Grimly demonstrated by the COVID-19 pandemic, hospitals serve as the central hub of American health care. Increasingly exercising market power, setting clinical standards, and fostering innovation, hospitals’ influence over health care delivery and access is unmatched. They are the behemoth in the delivery chain, exerting unrivaled control.

As such, hospitals have naturally become the locus of the worst of the collision between consumerism and universality, between cost and access—a gloomy setting for citizens who simply cannot afford the health care they need to flourish, or to survive. Indeed, the price of American health care—a cost that is increasingly borne by American patients—is unsustainable. Those costs continue to rise thanks to a pernicious mix of increasingly brittle and ineffective insurance plans, a squeeze on public funding, and a lack of price sensitivity among the providers of American health care. Patients are suffering. And hospitals are not getting paid.

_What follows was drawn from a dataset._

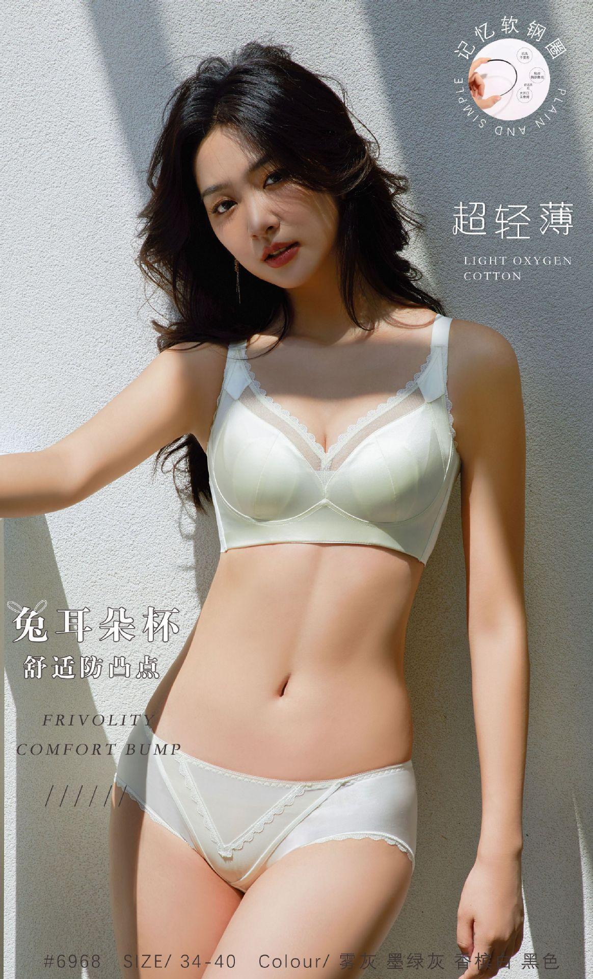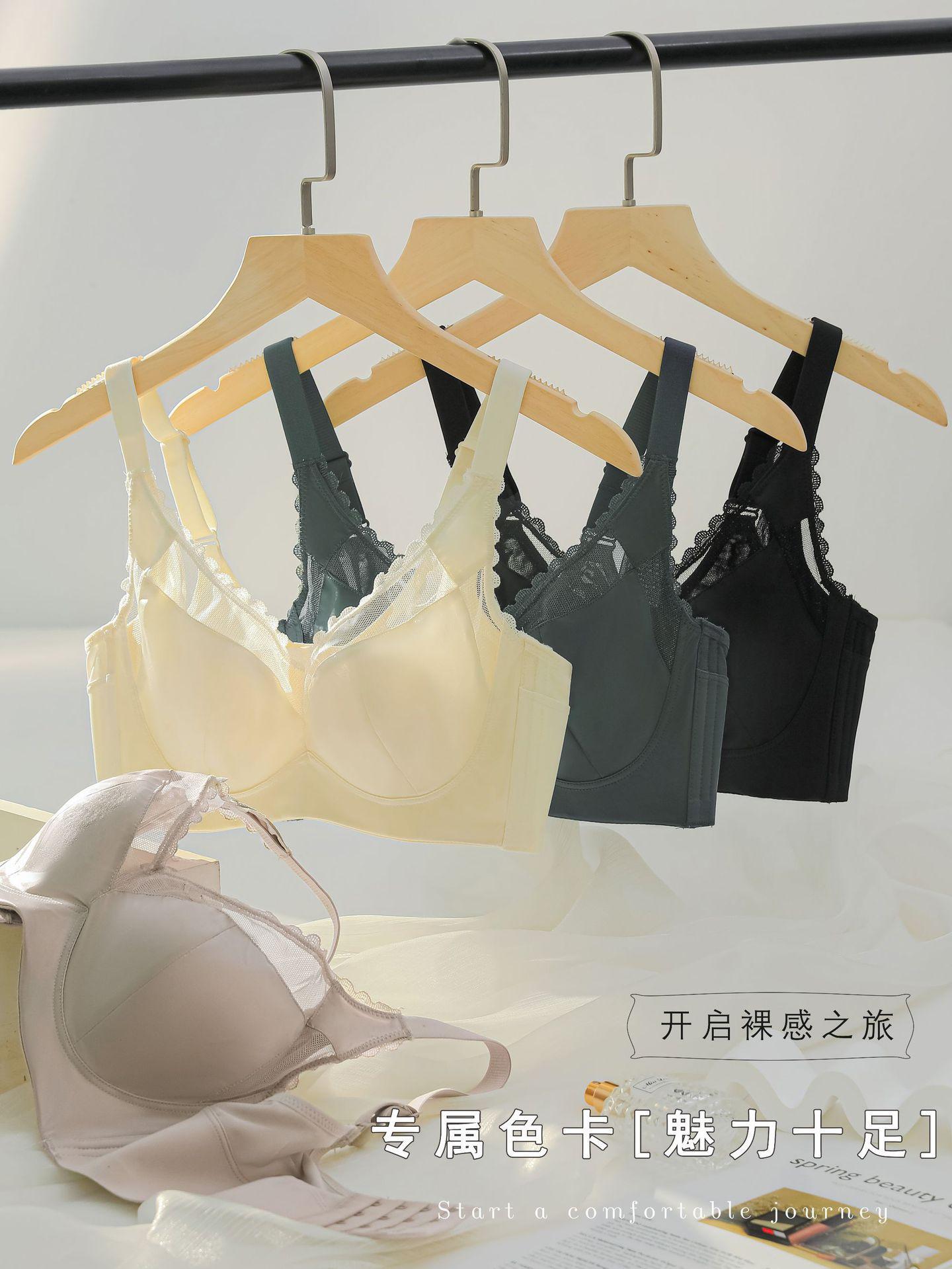 Compra 6968 Sujetador de encaje fino y transpirable estilo francés con copa de cristal, inalámbrico y ajustable, para mujer, con pecho grande y pequeño. al por mayor en Joom.pro

In a predictable but catastrophic turn, hospitals are suing their former patients for unpaid medical bills. Litigation has replaced systematic financing. The operating room has been swapped for the courtroom. And adversarial proceedings now follow the Hippocratic Oath.

Tracking the phenomenon of these lawsuits, this Article lays out the harms that result to the American health care system. When hospitals sue patients, they harm public health and destroy patient trust. And they shatter widely held beliefs, highlighting the inadequacy of policy goals and the inequity of health finance rules.

Further, once and for all, they expose the failure of the consumer-based paradigm of American health care, spotlighting the inapplicability of moral hazard and demonstrating the means by which individuals with private insurance and high deductibles—a rapidly growing population in the United States—are inadequately protected against the very actors that undertake to protect their health and wellbeing. This Article makes the moral, legal, and policy-based argument that hospital lawsuits against former patients must be brought to an end. American patients simply cannot afford it.